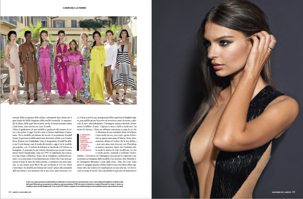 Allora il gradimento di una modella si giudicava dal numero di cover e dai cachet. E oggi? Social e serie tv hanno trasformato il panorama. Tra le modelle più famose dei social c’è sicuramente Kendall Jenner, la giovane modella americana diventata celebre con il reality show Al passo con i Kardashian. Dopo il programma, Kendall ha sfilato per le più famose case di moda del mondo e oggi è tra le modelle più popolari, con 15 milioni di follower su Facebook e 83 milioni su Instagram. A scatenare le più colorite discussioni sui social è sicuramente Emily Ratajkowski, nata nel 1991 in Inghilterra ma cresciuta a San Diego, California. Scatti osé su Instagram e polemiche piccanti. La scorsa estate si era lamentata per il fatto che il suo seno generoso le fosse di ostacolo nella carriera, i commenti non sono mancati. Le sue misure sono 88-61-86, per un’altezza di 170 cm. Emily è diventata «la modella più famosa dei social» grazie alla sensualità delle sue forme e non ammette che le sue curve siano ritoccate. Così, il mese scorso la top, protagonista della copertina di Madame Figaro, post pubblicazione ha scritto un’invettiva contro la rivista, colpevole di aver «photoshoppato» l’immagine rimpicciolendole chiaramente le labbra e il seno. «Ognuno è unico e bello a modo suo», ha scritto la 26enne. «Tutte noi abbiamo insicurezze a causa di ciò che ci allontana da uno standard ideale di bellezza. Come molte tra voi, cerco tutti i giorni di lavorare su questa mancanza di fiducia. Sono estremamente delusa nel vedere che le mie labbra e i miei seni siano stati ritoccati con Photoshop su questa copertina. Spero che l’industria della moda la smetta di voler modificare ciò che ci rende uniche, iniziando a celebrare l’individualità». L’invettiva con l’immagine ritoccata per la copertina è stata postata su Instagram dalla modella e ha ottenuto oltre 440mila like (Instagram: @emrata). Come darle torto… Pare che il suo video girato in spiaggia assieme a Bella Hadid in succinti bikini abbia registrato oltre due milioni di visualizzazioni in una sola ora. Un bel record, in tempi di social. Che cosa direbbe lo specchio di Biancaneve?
==
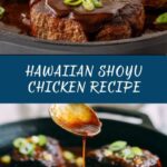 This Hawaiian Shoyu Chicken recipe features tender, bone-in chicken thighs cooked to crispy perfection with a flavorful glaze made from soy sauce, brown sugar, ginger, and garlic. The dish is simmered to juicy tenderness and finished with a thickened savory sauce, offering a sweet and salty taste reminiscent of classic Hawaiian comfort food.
...
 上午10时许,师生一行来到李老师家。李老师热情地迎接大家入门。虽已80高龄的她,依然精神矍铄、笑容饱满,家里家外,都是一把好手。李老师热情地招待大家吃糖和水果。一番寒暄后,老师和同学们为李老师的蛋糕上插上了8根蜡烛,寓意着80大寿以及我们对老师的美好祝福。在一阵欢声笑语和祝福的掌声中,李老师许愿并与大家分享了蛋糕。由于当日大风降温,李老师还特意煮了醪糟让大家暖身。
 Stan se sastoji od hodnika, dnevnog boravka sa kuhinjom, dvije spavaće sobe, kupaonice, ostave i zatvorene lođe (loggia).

- ABOUT THIS TASK
Write out exactly the lines above between the line with "上午10时许,师生一行来到李" and the line with "Stan se sastoji", inclusive, and nothing beyond them.

- TASK ANSWER
 上午10时许,师生一行来到李老师家。李老师热情地迎接大家入门。虽已80高龄的她,依然精神矍铄、笑容饱满,家里家外,都是一把好手。李老师热情地招待大家吃糖和水果。一番寒暄后,老师和同学们为李老师的蛋糕上插上了8根蜡烛,寓意着80大寿以及我们对老师的美好祝福。在一阵欢声笑语和祝福的掌声中,李老师许愿并与大家分享了蛋糕。由于当日大风降温,李老师还特意煮了醪糟让大家暖身。
 Stan se sastoji od hodnika, dnevnog boravka sa kuhinjom, dvije spavaće sobe, kupaonice, ostave i zatvorene lođe (loggia).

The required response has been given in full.